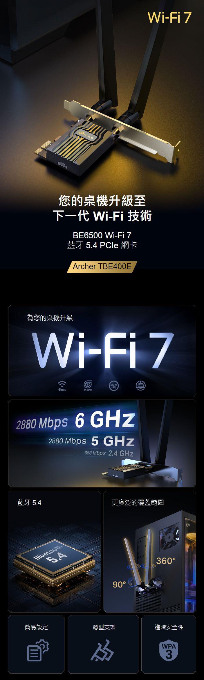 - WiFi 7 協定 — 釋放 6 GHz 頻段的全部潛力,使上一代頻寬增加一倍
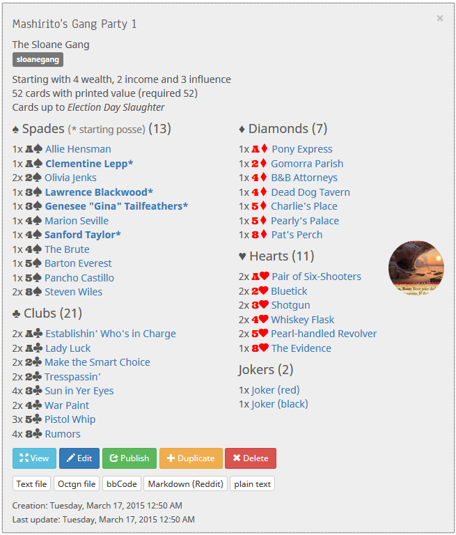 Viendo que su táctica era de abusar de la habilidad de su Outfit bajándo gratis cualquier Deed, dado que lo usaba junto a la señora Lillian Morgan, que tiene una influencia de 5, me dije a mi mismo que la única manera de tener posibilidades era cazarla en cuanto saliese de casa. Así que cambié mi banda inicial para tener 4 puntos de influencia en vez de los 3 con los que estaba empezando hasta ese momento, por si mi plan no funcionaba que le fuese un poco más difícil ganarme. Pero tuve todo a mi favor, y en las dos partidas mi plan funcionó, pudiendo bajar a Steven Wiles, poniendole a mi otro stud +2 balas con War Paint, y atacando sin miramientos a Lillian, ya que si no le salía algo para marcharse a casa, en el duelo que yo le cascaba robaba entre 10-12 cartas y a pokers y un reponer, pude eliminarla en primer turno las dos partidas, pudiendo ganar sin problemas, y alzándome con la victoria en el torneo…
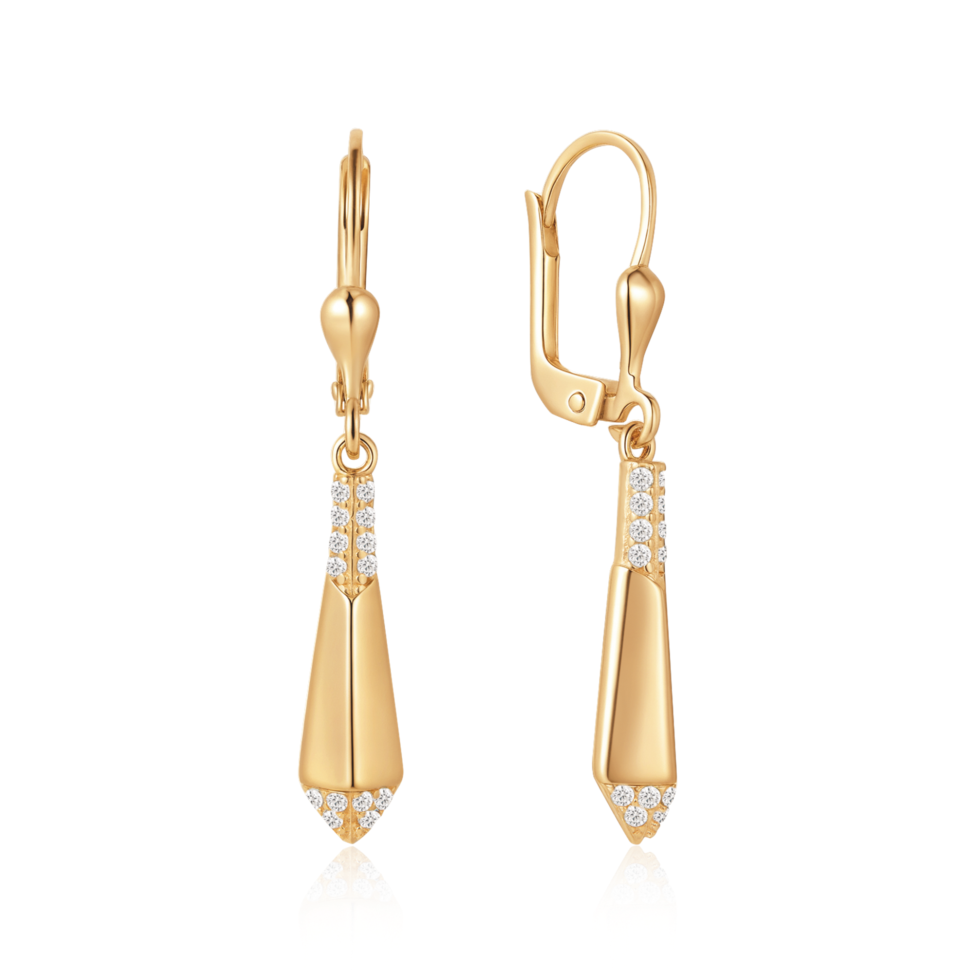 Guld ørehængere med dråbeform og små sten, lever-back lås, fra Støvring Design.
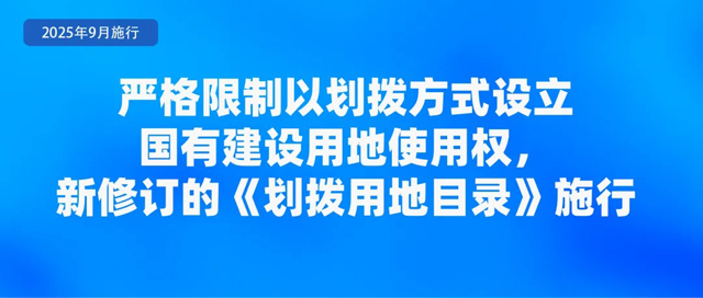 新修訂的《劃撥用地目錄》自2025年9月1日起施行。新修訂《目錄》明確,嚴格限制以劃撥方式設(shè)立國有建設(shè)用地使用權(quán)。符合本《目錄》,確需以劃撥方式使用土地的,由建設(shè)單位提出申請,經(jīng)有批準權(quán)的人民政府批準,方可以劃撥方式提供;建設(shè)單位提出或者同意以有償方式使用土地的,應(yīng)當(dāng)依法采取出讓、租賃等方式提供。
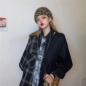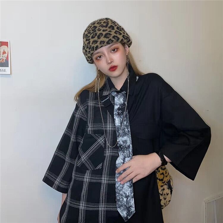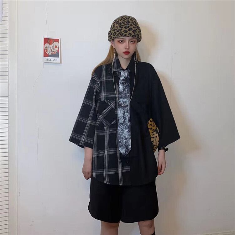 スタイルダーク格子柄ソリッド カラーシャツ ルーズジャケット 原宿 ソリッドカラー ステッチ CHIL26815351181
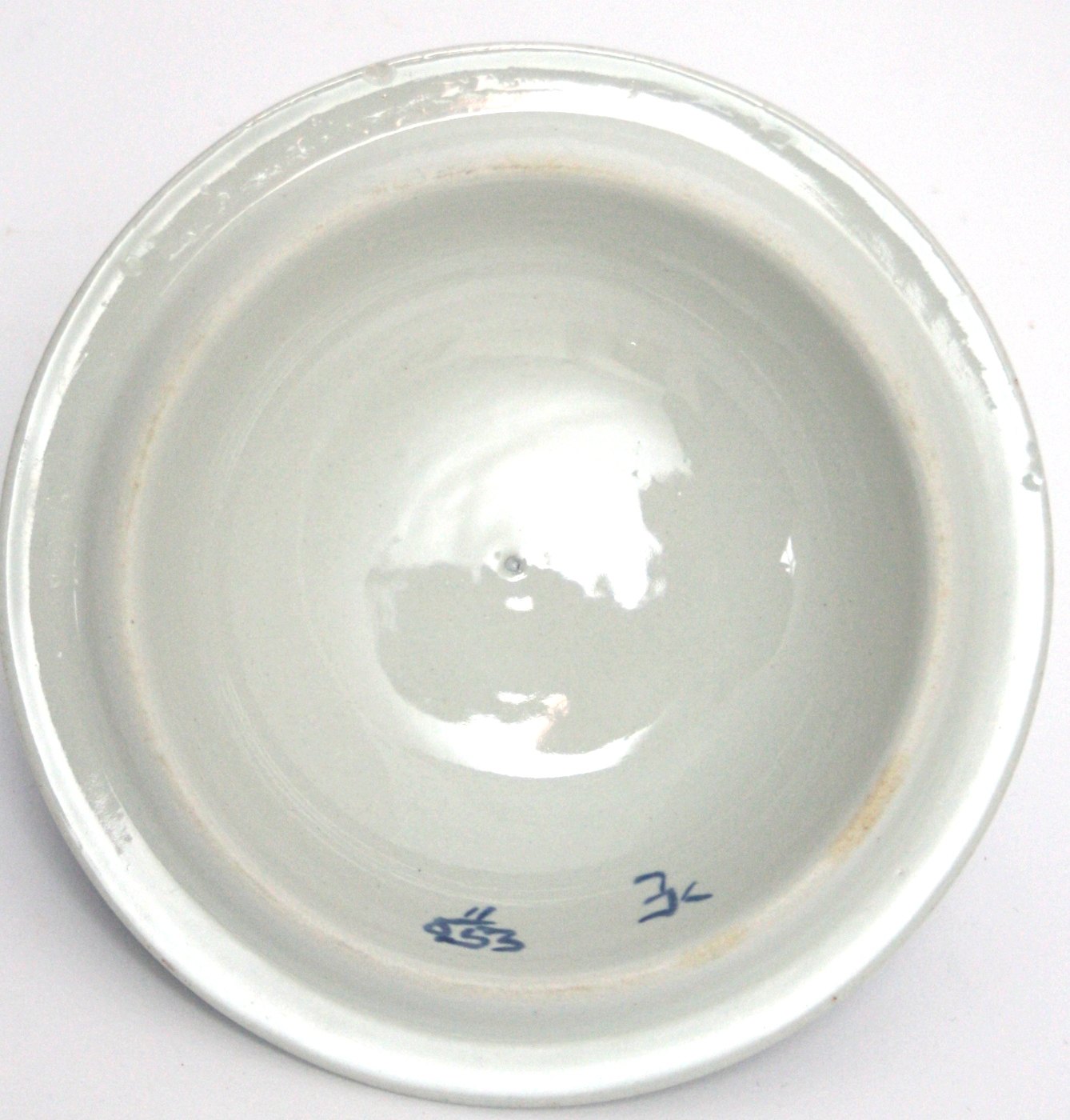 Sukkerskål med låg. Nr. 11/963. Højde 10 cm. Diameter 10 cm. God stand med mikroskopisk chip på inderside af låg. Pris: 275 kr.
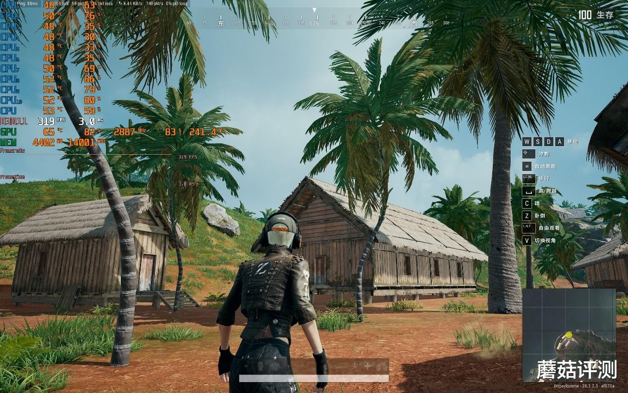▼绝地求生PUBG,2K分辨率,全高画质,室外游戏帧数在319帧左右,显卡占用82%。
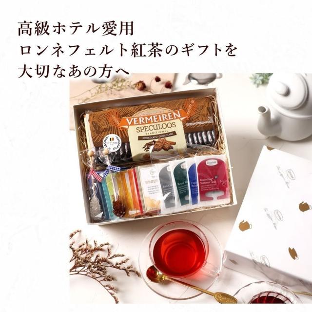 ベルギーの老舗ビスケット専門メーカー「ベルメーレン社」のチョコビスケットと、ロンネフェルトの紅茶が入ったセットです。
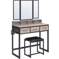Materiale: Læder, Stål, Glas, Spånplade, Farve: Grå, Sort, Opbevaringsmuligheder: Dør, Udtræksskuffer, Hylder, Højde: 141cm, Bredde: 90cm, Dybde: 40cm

= = = =

= YOUR TASK =
Restate word for word the lines starting at the one that contains "ベルギーの老舗ビスケット専門" and ending at the last line of the data. Skip every picture.

= SOLUTION TO THE EXERCISE =
 ベルギーの老舗ビスケット専門メーカー「ベルメーレン社」のチョコビスケットと、ロンネフェルトの紅茶が入ったセットです。
Materiale: Læder, Stål, Glas, Spånplade, Farve: Grå, Sort, Opbevaringsmuligheder: Dør, Udtræksskuffer, Hylder, Højde: 141cm, Bredde: 90cm, Dybde: 40cm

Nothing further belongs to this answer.